Tapping either the bare conductors, passing through the mahalla, or tampering with the meter ensured his monthly bills are kept at lowest minimum of ₹180 for 40 units.

South Bihar Power Distribution Company (SBPDCL) was free to raise a higher bill but at its own peril. In the absence of premises number, Kumar was free to overlook the bill or grease a few palms to get another connection issued to “Subodh Kumar, Gaya”.

The age old practice is now up for a revision. Disruptions notwithstanding, Kumar and his neighbours now gets grid supplies for majority of the day, so much so that the diesel generator operator is on a wind up mode. But improved supplies came at a cost.

Theft is stopped by replacing bare conductors by insulated ones. Tampering with the meter is no longer easy. And, the customer ID now serves the dual purpose of premises number. There is no free lunch for Kumar. He is now forking out ₹700-800 or more a month.

Distribution reforms

To overcome 70-80 per cent per cent transmission and distribution loss (read theft) and archaic power infrastructure; the Nitish Kumar government in Bihar initiated distribution reforms a couple of years ago.

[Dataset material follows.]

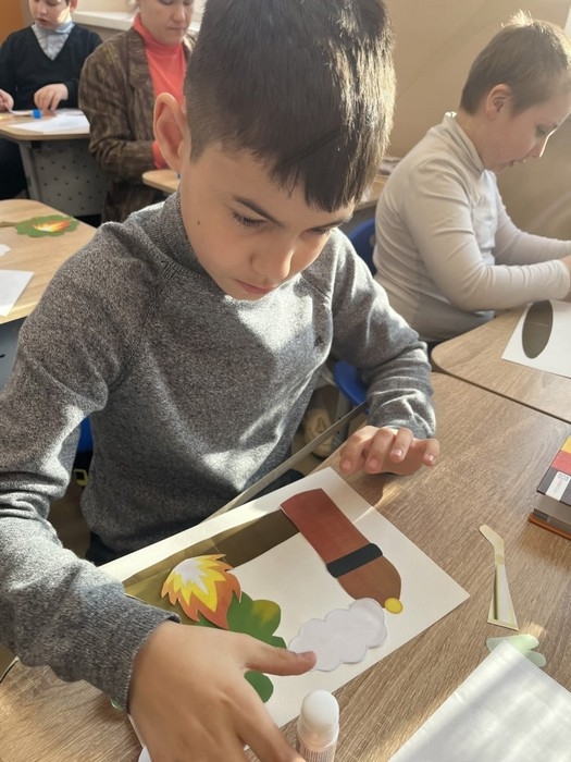 Для закрепления полученных знаний ребятам было предложено заняться творческой деятельностью. Вооружившись цветной бумагой, клеем и ножницами, дети сделали красочную аппликацию «Наш друг-огнетушитель».

In the first phase of the initiative, distribution rights of Gaya and Bhagalpur in South Bihar and Mujaffarpur in North Bihar were auctioned last year to SREI’s Hemant Kanoria controlled India Power, SPML Infra and Smart Utilities of Essel Group, respectively.

While franchise’s promised annual investments in power infrastructure, to safeguard them from high leakages the state utility promised to raise the cost of supplies to franchise in a graded manner. India Power for example is offered a five year window to pay from ₹1.70 a unit to ₹5.40 a unit. This is against the average realization of ₹4.35 a unit from the end consumer. As part of its strategy to change consumer habits, India power first focussed on ensuring round the clock availability of electricity. The change is reflected in the rise in monthly power consumption of Gaya from 22-25 million unit to 55 million unit (200 Mw daily peak demand) since June last year. On the flipside, it created a gaping hole in the franchise’s balancesheet.

Though sales realisation improved from 20 per cent to 40 per cent of 200 MW peak supplies; unrealised sales volume increased from 20 million units to over 30 million units a month. The operational loss is at ₹1.5 crore a month.

The company will invest ₹35 crore this fiscal to replace nearly one-third of urban distribution network by insulated cables and install digital metres.

The writer was in Gaya at the invitation of India Power.